On the NAND flash front, suppliers were in a similar mood as the HDD industry, ruing the plunge in demand and the significant increase in inventory; however, unlike the HDD industry which apparently maintains relatively little finished goods inventory in-house, plenty of NAND and NAND-based products are sitting at suppliers and customers alike. Both Kioxia and Micron have announced actions to reduce bit output to allow for the inventories to correct and re-balance to lower demand over the next few quarters at least, but NAND and SSD prices will continue to plunge due to excess inventory and lack of demand in every market segment.
For the NAND industry, a domino effect has occurred that started at the beginning of the year when it was clear that pandemic-driven consumer PC sales stalled, followed by weakening mobile NAND demand in 2CQ22 and slowing enterprise system OEM demand extending into 2H22. Commercial PC spending has also fallen due to economic headwinds while hyperscale customers are moving solidly into a period of inventory digestion, wiping out any hope of supporting SSD shipments last 2 quarters of the calendar year.
As cloud companies consume a large portion of WW SSD NAND demand, the digestion phase currently underway will slow bit absorption possibly into 1CQ23, a longer cyclical slowing compared to historical norms. With every NAND end market down, and despite production adjustments by Micron and Kioxia, which will most likely be followed by others very soon, we can anticipate double-digit price declines over the next 2 quarters. The general feedback is that by mid-2023 after NAND vendors offer up nearly 40% to 50% per-bit price declines, the flash industry will no longer offer further price reductions following what will be a year of market softening.

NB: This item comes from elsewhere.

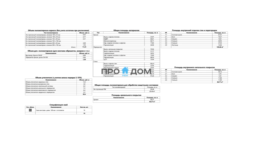 Объем пиломатериала для силового каркаса

In the end, macroeconomic factors will determine the 2023 outcome for a NAND market that will continue to suffer with weak demand across all market segments.
After nearly 3 years of virtual calls with Asia-based clients during the Covid pandemic, the return to our first face-to-face contacts in Korea and Japan was refreshing and the familiarity of formerly frequent visits quickly returned. The Covid-19 pandemic created what felt like a time warp, where no travel and changed work environments felt like time was suspended in the intervening years. Landing in Asia with significant paperwork and other logistical hoops to jump through was a bit different this time, but experiencing Korea and Japan again felt like we had visited just months prior, rather than way back in 2019. As restrictions and quarantine rules ease further throughout much of Asia, the Trendfocus team looks forward to expanding our face-to-face encounters in the coming months and into 2023.